== Segment start ==

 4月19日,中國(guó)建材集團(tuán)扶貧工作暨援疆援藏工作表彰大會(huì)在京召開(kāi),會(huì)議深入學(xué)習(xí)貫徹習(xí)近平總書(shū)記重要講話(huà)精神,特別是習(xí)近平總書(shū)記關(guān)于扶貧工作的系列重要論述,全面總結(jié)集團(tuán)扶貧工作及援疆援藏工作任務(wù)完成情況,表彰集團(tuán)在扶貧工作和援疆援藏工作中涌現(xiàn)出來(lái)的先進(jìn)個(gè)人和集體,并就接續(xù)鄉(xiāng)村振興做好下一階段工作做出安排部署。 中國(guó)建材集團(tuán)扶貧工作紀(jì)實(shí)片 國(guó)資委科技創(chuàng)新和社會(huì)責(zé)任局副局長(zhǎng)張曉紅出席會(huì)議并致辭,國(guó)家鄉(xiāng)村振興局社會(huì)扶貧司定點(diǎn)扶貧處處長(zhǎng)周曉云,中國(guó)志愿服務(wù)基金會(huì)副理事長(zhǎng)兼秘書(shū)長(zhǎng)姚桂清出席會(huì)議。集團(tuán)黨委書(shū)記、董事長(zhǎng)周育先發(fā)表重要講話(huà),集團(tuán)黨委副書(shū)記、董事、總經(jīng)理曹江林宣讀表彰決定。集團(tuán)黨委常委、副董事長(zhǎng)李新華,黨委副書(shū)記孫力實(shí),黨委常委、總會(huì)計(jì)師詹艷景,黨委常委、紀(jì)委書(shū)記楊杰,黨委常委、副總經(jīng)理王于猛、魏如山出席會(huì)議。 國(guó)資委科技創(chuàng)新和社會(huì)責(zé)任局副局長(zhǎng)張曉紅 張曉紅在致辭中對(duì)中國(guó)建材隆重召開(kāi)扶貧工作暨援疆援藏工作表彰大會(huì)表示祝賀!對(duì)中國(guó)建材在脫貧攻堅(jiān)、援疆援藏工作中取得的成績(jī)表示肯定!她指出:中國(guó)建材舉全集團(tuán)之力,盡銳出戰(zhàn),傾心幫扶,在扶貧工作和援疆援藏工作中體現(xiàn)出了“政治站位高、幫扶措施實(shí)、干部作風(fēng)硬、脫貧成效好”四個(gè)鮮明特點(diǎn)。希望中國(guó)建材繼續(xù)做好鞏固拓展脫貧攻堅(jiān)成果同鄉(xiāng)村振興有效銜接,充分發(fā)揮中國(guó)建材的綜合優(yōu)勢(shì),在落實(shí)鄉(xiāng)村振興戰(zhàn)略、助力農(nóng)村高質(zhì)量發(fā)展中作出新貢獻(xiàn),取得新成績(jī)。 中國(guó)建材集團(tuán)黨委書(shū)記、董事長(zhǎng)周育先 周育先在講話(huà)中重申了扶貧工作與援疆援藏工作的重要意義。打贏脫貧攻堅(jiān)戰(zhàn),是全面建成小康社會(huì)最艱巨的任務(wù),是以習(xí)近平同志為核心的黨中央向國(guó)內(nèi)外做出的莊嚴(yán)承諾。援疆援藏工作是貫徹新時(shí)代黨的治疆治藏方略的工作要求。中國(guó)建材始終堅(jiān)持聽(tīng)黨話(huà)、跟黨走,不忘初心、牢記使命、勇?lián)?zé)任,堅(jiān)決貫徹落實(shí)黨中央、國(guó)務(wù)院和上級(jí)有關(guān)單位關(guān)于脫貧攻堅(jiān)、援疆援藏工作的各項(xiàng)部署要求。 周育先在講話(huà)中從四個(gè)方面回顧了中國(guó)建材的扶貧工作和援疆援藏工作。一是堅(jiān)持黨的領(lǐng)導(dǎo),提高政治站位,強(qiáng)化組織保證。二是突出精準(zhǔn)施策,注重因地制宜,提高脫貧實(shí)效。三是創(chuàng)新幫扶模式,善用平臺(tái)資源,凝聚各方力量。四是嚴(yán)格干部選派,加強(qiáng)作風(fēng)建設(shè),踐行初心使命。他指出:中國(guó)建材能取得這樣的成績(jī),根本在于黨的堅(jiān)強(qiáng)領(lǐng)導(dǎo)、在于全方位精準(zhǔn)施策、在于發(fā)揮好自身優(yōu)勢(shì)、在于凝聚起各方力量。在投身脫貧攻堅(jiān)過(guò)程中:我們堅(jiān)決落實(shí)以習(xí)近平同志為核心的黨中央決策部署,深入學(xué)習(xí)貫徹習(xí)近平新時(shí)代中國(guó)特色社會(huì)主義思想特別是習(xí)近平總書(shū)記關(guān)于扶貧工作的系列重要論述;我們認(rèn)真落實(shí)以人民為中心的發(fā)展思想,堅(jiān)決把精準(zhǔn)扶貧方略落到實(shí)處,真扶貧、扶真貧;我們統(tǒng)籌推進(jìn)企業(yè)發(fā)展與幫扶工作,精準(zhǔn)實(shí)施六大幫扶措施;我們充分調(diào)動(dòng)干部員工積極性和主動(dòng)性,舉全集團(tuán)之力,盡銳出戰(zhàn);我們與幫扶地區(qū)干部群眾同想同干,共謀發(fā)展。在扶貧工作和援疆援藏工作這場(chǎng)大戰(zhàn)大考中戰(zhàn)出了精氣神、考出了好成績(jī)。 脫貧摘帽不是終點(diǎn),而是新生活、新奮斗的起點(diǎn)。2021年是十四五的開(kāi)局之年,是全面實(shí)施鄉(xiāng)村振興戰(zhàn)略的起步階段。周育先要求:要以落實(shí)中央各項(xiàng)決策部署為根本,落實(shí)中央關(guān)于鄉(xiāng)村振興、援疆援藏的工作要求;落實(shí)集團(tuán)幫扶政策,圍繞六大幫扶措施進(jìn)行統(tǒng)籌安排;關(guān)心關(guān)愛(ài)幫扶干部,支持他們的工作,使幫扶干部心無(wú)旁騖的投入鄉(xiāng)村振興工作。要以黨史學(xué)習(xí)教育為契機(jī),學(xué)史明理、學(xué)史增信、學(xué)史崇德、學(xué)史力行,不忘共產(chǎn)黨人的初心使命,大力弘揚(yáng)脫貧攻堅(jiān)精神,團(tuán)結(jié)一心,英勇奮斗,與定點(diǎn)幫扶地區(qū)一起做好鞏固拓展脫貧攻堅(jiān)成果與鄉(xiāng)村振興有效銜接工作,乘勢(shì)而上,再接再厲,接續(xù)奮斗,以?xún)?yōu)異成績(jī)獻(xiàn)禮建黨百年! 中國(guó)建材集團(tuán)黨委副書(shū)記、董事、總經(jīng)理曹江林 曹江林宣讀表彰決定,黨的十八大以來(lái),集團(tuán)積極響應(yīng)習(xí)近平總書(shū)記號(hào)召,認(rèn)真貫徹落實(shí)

== Segment end ==
== Segment start ==

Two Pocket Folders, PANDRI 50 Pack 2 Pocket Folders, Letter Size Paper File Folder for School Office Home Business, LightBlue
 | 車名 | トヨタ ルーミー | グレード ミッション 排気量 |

== Segment end ==
== Segment start ==

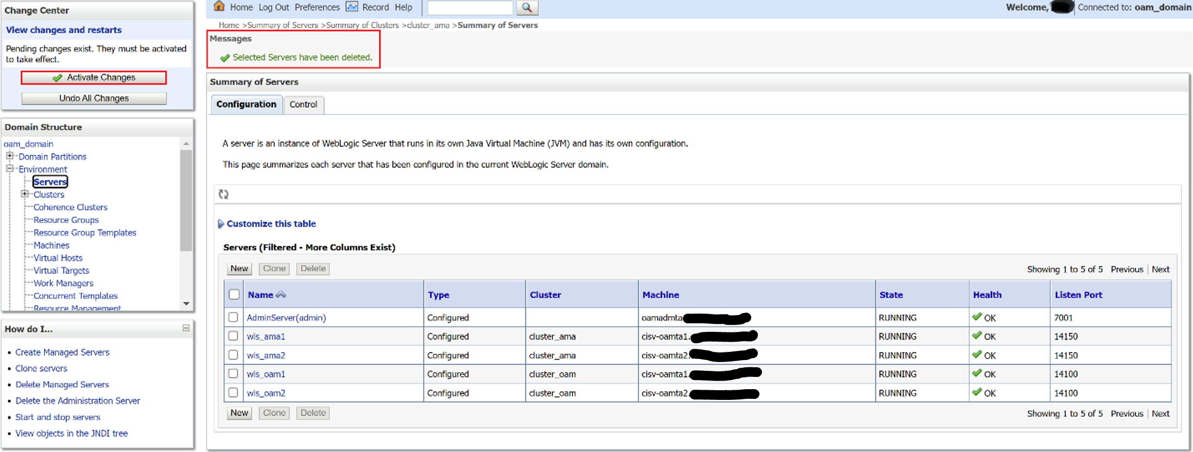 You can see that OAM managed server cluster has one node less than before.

== Segment end ==

Of the entries above, transcribe exactly those lines that fall between the line containing "Two Pocket Folders, PANDRI" and the line containing "ミッション 排気量 |", together with those two lines.

Two Pocket Folders, PANDRI 50 Pack 2 Pocket Folders, Letter Size Paper File Folder for School Office Home Business, LightBlue
 | 車名 | トヨタ ルーミー | グレード ミッション 排気量 |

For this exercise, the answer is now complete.